Retype all of the data word for word, without pictures.

========================================

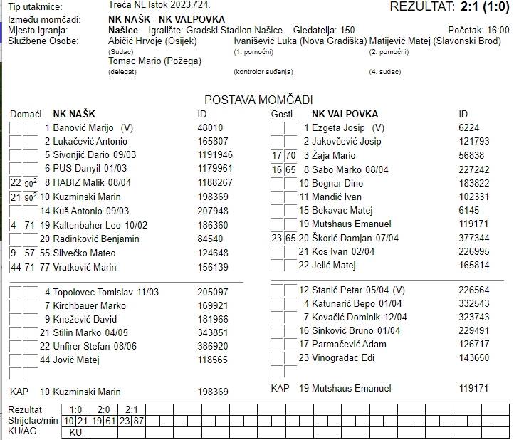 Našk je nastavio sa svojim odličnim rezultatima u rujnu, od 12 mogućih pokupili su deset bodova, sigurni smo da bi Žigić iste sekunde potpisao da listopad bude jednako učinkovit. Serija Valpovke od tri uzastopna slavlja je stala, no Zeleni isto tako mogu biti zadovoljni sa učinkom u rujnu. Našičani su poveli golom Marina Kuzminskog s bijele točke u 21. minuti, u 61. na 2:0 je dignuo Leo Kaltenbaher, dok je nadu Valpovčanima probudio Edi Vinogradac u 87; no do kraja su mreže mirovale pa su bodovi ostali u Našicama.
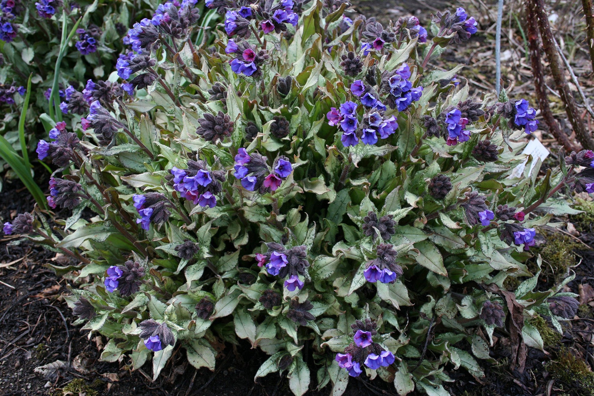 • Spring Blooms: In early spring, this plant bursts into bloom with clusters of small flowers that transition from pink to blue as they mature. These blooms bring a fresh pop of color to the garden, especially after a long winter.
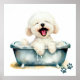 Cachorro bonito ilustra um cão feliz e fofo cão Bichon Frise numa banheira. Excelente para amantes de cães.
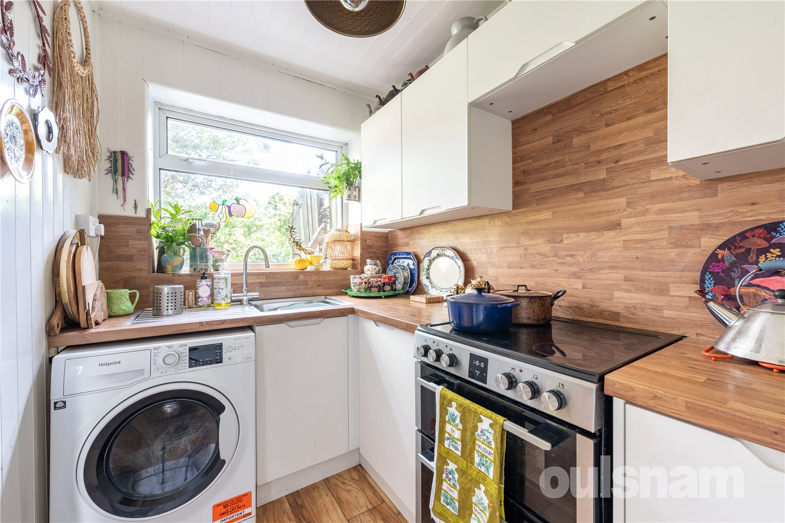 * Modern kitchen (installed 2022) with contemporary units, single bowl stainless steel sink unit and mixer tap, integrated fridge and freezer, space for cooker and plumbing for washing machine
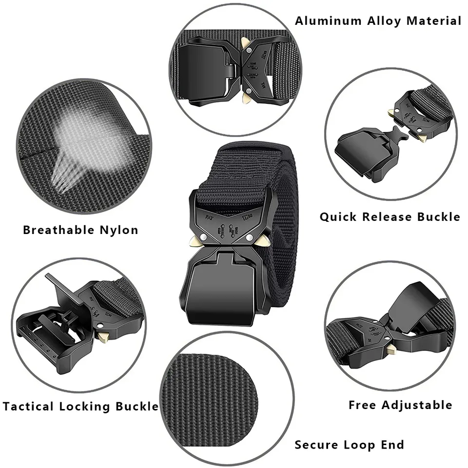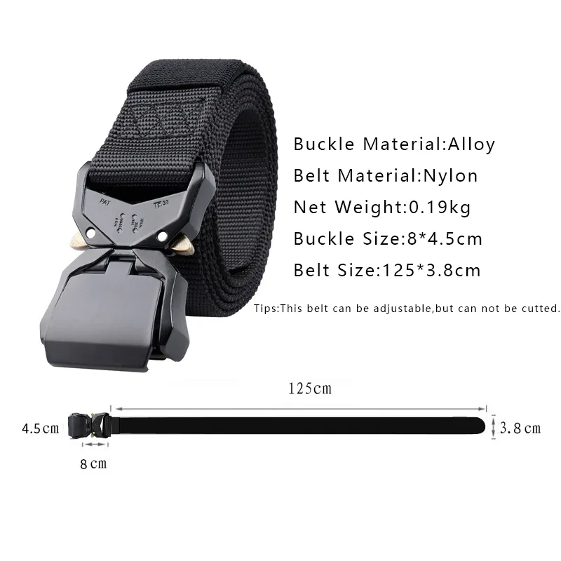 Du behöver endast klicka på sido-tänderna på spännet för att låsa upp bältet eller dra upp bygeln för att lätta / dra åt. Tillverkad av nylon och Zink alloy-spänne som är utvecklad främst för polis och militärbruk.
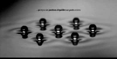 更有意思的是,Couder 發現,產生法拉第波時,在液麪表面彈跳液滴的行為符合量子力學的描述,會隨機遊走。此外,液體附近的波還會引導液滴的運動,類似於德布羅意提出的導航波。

========================================

_RESULT OF THIS EXERCISE_
 Našk je nastavio sa svojim odličnim rezultatima u rujnu, od 12 mogućih pokupili su deset bodova, sigurni smo da bi Žigić iste sekunde potpisao da listopad bude jednako učinkovit. Serija Valpovke od tri uzastopna slavlja je stala, no Zeleni isto tako mogu biti zadovoljni sa učinkom u rujnu. Našičani su poveli golom Marina Kuzminskog s bijele točke u 21. minuti, u 61. na 2:0 je dignuo Leo Kaltenbaher, dok je nadu Valpovčanima probudio Edi Vinogradac u 87; no do kraja su mreže mirovale pa su bodovi ostali u Našicama.
 • Spring Blooms: In early spring, this plant bursts into bloom with clusters of small flowers that transition from pink to blue as they mature. These blooms bring a fresh pop of color to the garden, especially after a long winter.
 Cachorro bonito ilustra um cão feliz e fofo cão Bichon Frise numa banheira. Excelente para amantes de cães.
 * Modern kitchen (installed 2022) with contemporary units, single bowl stainless steel sink unit and mixer tap, integrated fridge and freezer, space for cooker and plumbing for washing machine
 Du behöver endast klicka på sido-tänderna på spännet för att låsa upp bältet eller dra upp bygeln för att lätta / dra åt. Tillverkad av nylon och Zink alloy-spänne som är utvecklad främst för polis och militärbruk.
 更有意思的是,Couder 發現,產生法拉第波時,在液麪表面彈跳液滴的行為符合量子力學的描述,會隨機遊走。此外,液體附近的波還會引導液滴的運動,類似於德布羅意提出的導航波。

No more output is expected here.